Dry eye and eye allergies share several symptoms: redness, watery eyes, light sensitivity, and blurry vision. The key differentiator is itching. While dry eye can cause a mild itch, allergic conjunctivitis produces an intense, almost unbearable urge to rub your eyes. If the itching comes alongside a runny nose, sneezing, or swollen puffy eyelids, allergies are the more likely explanation.
Dry eye, by contrast, leans more toward burning, stinging, and that foreign-body sensation. The mucus discharge also differs. Allergies tend to produce a watery or slightly milky discharge, while dry eye produces thicker, stringy strands. Of course, you can have both conditions simultaneously, which complicates things. If over-the-counter allergy drops don’t resolve your symptoms, dry eye is worth investigating.
Screen Time and Blink Rate
You normally blink about 15 times per minute. When you’re staring at a computer, phone, or tablet, that rate drops to just 5 to 7 blinks per minute. Each blink spreads a fresh layer of tears across your eye’s surface, so cutting your blink rate by more than half means your tear film breaks down repeatedly throughout the day. This is one reason dry eye symptoms often spike during work hours and improve on weekends or vacations.
If your symptoms are clearly tied to screen use, try the 20-20-20 rule: every 20 minutes, look at something 20 feet away for 20 seconds. Consciously blinking a few extra times during that break helps reset your tear film. Positioning your monitor slightly below eye level also helps, because looking downward narrows the exposed surface area of your eye and slows evaporation.
What Happens at a Dry Eye Exam
If you suspect dry eye, an eye doctor can confirm it with a few quick, painless tests. The tear breakup time test involves placing a drop of fluorescein dye in your eye and watching through a special light as your tear film thins out. If the film breaks apart in under 10 seconds, that’s considered abnormal and confirms tear instability.

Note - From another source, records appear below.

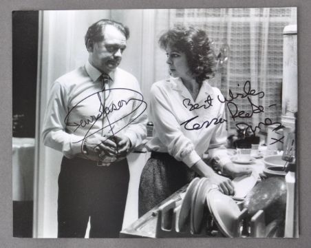 Only Fools & Horses - David Jason and Tessa Peake Jones - an impressive dual autographed 8x10" black and white photograph from the episode ' Dates '. Neatly signed by both in black ink over their respective characters. Supplied by an AFTAL registered dealer. Rare.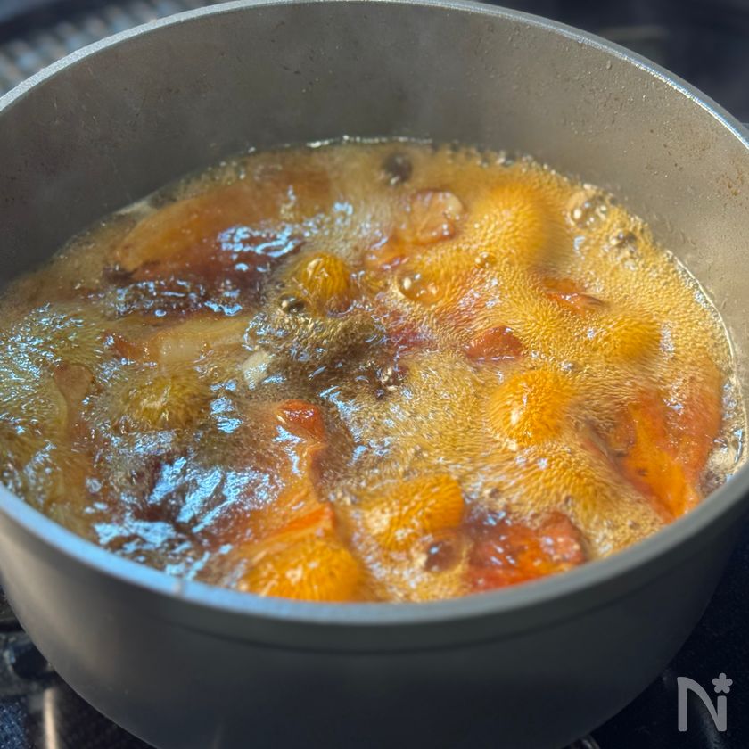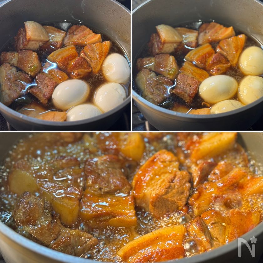 ・弱火でじっくり煮込み、豚肉を柔らかく仕上げます。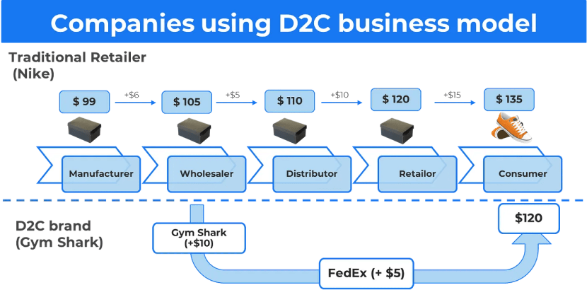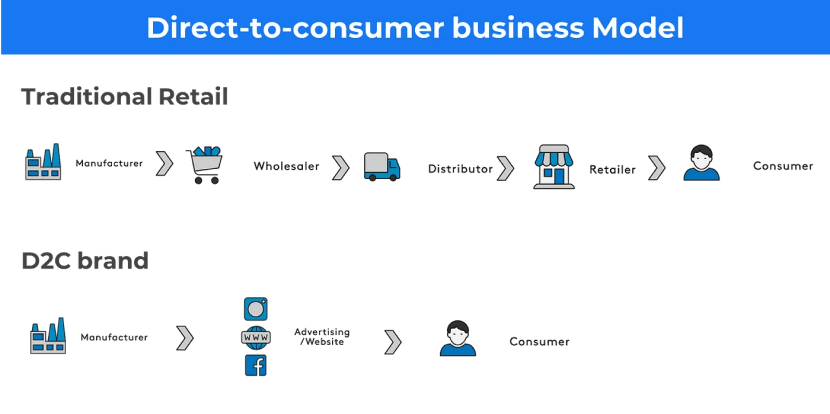 D2Cビジネスモデルを使用するブランドは、ウェブサイト、マーケットプレイス (Amazon、eBay ) などのオンラインチャネルを主に使用するが、実店舗を構える事例が増えている。

Another common test is the Schirmer test, where a small strip of filter paper is placed under your lower eyelid for five minutes. If the strip absorbs more than 10 millimeters of moisture, your tear production is normal. Less than that suggests you’re not producing enough tears. Your doctor may also examine the oil glands along your eyelid margins by gently pressing on them. Healthy glands release clear oil; blocked glands produce a thick, toothpaste-like substance or nothing at all.

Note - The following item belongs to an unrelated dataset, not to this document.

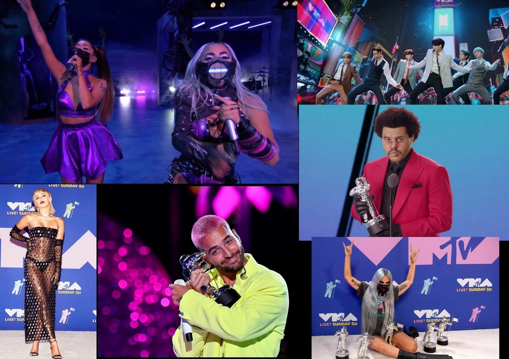 Dimanche 30 août, malgré la pandémie de Covid-19, l’édition 2020 des MTV Video Music Awards a bien eu lieu à New York en live et en partie virtuelle. Une cérémonie haute en couleurs et en surprises, avec un nombre limité de stars, pour récompenser les meilleurs clips de l’année. Mais exceptionnellement cette année, coronavirus oblige, la soirée ne s’est pas déroulée dans une salle close : les nominés ont eu l’occasion de se représenter dans des scènes différentes agencées dans divers lieux de la ville, restés secrets pour éviter la foule. Figure emblématique de la soirée : Lady Gaga, bien entendu, qui a carrément porté la cérémonie en offrant un spectacle de haute-voltige. 100% masquée, elle a joué la carte de l’extravagance et de l’exubérance à fond avec des looks démentiels à la sauce rétro-futuriste. En duo avec la superbe Ariana Grande, également masquée pour l’occasion, leur titre « Rain on me » (chanson de l’année) a mis le feu sur scène. Récompensé et très ému, The Weeknd s’est démarqué des autres en se dévoilant le visage tuméfié comme dans son clip et en réclamant justice pour les victimes noires de la répression policière, Jacob Blake et Breonna Taylor. « C’est vraiment difficile pour moi de célébrer ça maintenant et de profiter de ce moment, alors je vais juste dire justice pour Jacob Blake, justice pour Breonna Taylor. Je vous remercie », a-t-il déclaré en recevant sa statuette. Il nous aura aussi donné quelque peu le vertige en chantant du haut de la South Tower, perché à près de 200 mètres au-dessus de la terre ferme. Miley Cyrus a également fait sensation en se balançant sur une boule à facettes géante pour recréer l’ambiance de son clip de « Wrecking ball ». N’oublions pas non plus les performances exceptionnelles des BTS, Doja Cat, Maluma ou encore CNCO. Moment phare : le medley endiablé de Lady Gaga qu’on n’oubliera pas de sitôt. Lady Gaga en a profité pour adresser un message à ses fans : « Je veux que vous vous aimiez ce soir et tous les soirs. Célébrez-vous. Aimez qui vous êtes. Soyez bon. Portez un masque. Soyez courageux et les plus courageux tout le temps. » Même sans public, la superstar, qui a été sacrée artiste de l’année, a prouvé qu’on pouvait s’éclater sur scène : multipliant les tenues et les prestations, sur fond psychédélique de son album Chromatica, Lady Gaga était juste sensationnelle. A coup sûr, cette édition inédite des MTV VMA 2020 restera dans les annales.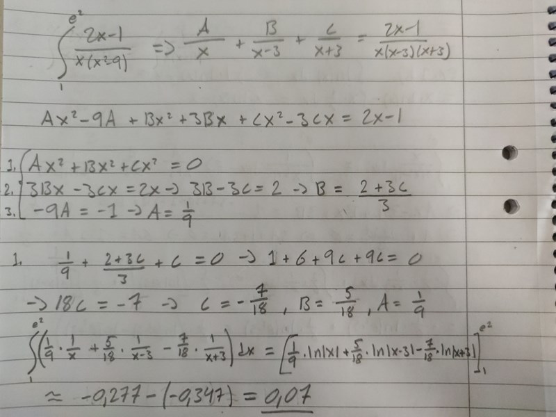 Jag skulle behöva lite hjälp att ta mig vidare med följande uppgift. Jag har börjat lite och vet hur jag beräknar första integralen i sista steget, men hur gör jag med den andra integralen? Kan jag köra partialbråksuppdelning igen på den? Då skulle kan kunna ha ansatsen (Ax+B)/(x+3) + (c)/(x-3) = (-(1/9)x+2)/(x^2 - 9=

These tests, combined with your symptom history, let your doctor classify your dry eye by type and severity, which determines the best treatment path. For mild cases, preservative-free artificial tears and lifestyle changes may be enough. Moderate to severe cases often require prescription anti-inflammatory drops, punctal plugs that help your eyes retain moisture, or in-office procedures that restore oil gland function.

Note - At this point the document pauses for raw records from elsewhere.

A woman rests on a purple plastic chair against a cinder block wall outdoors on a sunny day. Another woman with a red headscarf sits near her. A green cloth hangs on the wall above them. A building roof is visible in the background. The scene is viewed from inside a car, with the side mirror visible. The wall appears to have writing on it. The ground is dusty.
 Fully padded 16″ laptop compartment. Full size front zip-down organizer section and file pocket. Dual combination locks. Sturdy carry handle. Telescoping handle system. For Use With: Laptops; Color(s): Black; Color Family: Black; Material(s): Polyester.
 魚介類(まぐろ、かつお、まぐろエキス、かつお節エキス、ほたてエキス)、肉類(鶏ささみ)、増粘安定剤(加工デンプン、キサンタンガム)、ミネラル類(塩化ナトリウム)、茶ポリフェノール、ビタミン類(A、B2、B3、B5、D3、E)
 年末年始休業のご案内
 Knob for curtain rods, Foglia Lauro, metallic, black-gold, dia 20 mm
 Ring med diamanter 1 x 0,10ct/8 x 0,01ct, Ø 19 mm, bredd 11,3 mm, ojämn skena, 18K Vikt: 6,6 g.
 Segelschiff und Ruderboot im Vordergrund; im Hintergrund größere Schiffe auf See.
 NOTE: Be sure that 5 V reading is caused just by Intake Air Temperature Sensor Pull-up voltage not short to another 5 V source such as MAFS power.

Risk Factors That Make Dry Eye More Likely
Certain factors make you more prone to developing dry eye. Age is the biggest one: tear production naturally declines as you get older. Hormonal changes during menopause also increase risk, which is why dry eye is more common in women. Wearing contact lenses long-term can reduce corneal sensitivity and disrupt your tear film. Medications like antihistamines, decongestants, antidepressants, and blood pressure drugs can all reduce tear production as a side effect.
Environmental triggers matter too. Air conditioning, heating, ceiling fans, and low-humidity climates all accelerate tear evaporation. If you notice your symptoms are seasonal or tied to specific environments, adjusting humidity levels or using a humidifier in your bedroom can make a noticeable difference.